Compression + Retrieval: How Official Docs Map to Two Fundamental Operations

All of Anthropic's context management guidance maps cleanly onto two operations: compression (reduce information) and retrieval (select relevant information).

Compression Side

From Claude Code official docs:

"Claude Code manages context automatically as you approach the limit. It clears older tool outputs first, then summarizes the conversation if needed."
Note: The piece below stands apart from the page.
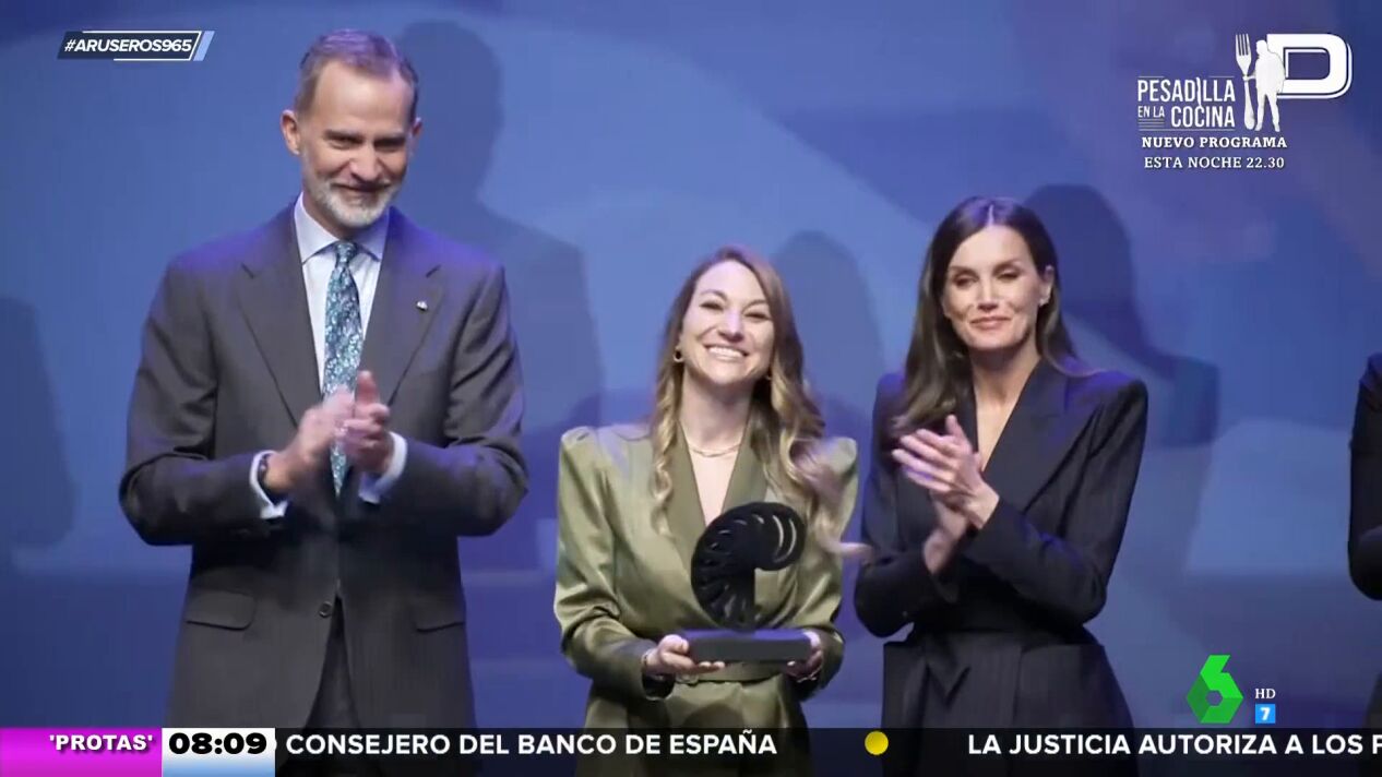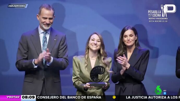 Doña Letizia, que se encontraba sobre el escenario para hacer entrega de los galardones, se dirigió al conductor del evento. "¿Estás bien?", le preguntó. "Estoy bien, pero se me deslizan (las tarjetas)", respondió el presentador.

Two layers of compression, escalating in aggressiveness:

Layer Mechanism Cost Information loss
1st Tool result clearing Minimal — removes raw output, keeps the fact that tool was called Low — results can be re-fetched
2nd Conversation summarization LLM call — generates structured summary Higher — nuance and detail may be lost

Users can direct compression focus:

"Add a 'Compact Instructions' section to CLAUDE.md or run /compact with a focus (like /compact focus on the API changes)"

Retrieval Side

Three retrieval modes, from static to dynamic:

Mode What When loaded Token cost
Pre-load CLAUDE.md, auto memory, system instructions Session start Fixed per session
On-demand Skills (descriptions pre-loaded, full content loaded on use) When skill is triggered Variable
JIT exploration Files via glob/grep/Read, web via WebSearch/WebFetch During agentic loop Variable

Sub-agents as a retrieval strategy:

"Subagents get their own fresh context, completely separate from your main conversation. Their work doesn't bloat your context. When done, they return a summary."

This is retrieval + compression in one operation: the sub-agent retrieves information (explores codebase), then compresses it (returns summary).
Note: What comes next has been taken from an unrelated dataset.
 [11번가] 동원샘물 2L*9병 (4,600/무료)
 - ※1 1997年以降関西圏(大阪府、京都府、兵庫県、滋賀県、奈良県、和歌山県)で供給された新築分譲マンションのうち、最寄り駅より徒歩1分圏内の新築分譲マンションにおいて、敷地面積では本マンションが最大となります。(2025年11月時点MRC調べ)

The Agentic Loop as Retrieval → Action → Retrieval

Claude Code's three-phase loop maps directly:

gather context  →  take action  →  verify results
(retrieval)        (execution)     (retrieval again)

The first phase is retrieval (glob, grep, Read to understand the codebase). The third phase is also retrieval (run tests, check output). Compression happens implicitly throughout (tool results accumulate until cleared or summarized).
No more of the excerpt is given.